La oración tiene el poder de abrir los tesoros de Dios y atraer sobre el orante las lluvias de bendiciones divinas. Tanto agrada a Dios la oración sincera y confiada que, a veces, Él tarda en atender, a fin de que el alma, creciendo en el deseo, redoble la insistencia de sus pedidos y sea coronada de méritos.
Habiendo venido el Hijo de Dios al mundo, enseñó al hombre la importancia de la oración y le inculcó la confianza en ella, ya sea por medio de parábolas, ya sea, sobre todo, a través de su Divino ejemplo, desdoblándose en solicitud, desvelo y amor sobre todos aquellos que de Él requirieron algún favor. No hubo nadie que saliese de su presencia con las manos vacías…
Ese mismo Jesús que a todos atendió con solicitud, no partió al Cielo de manera definitiva e irremediable, sino que quiso permanecer en la Tierra, conviviendo entre los hombres. «¡Estaré con vosotros todos los días, hasta el fin del mundo!» (Mt 28, 20).
Él se encuentra en todos los sagrarios del mundo, bajo el velo de las especies eucarísticas, a la espera de nuestra visita, listo para oír nuestras súplicas. Hecho Hombre como nosotros y habiendo experimentado nuestra debilidad, conoce todo aquello que carecemos y sabe compadecerse de nuestras miserias.

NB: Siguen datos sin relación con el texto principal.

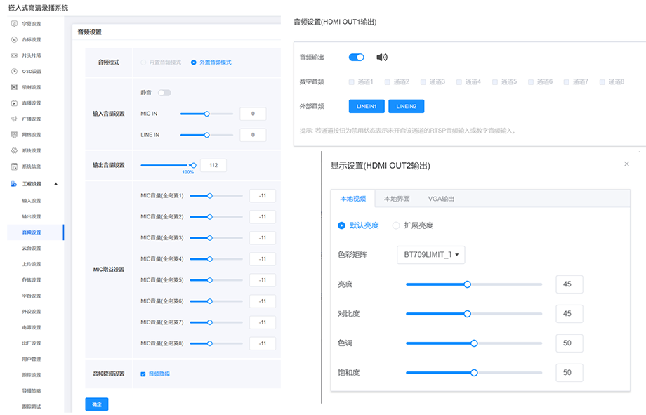 • 音频输入输出:音频输入接口丰富,包括1路3.5mm LINE IN、2路凤凰端子LINE IN、1路HDMI IN音频和1路UAC输入。音频输出则提供1路3.5mm、2路凤凰端子LINE OUT、4路HDMI OUT及1路UAC输出,支持混音录制。
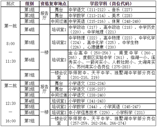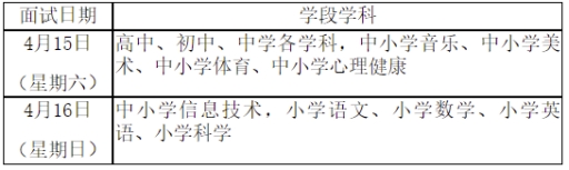 六、面試時間:4月15日、16日,具體安排如下。面試地點:越溪實驗小學(蘇州市吳中區(qū)越城西路1號)。詳見面試準考證。
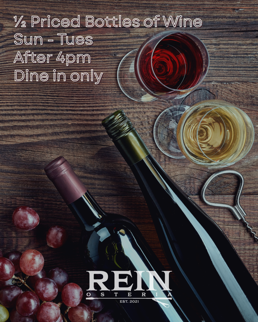 Settle in with us Sunday through Tuesday after 4pm for Uncorked Evenings at Rein. Enjoy half-priced bottles of wine (bottles under $100), available for dine-in guests only.

Como en otro tiempo por las estradas de Galilea o bajo los pórticos del Templo de Jerusalén, Jesús se detiene ante el triste espectáculo de la lepra espiritual que corroe las almas o de la ceguera que las mantiene lejos de su amor. Entretanto, su mirada misericordiosa abarca a todos en un infinito deseo de perdonar, inclinándose sobre cada uno de sus hijos, con ternura de padre y bienquerencia de hermano, para llenarlos de dones y atenderlos en sus anhelos. Está apenas a la espera de un pedido, de una súplica, de un simple suspiro a Él dirigido, para cumplir su irrevocable promesa: «Cualquier cosa que me pidas en Mi nombre, yo lo haré» (Jn 14, 14).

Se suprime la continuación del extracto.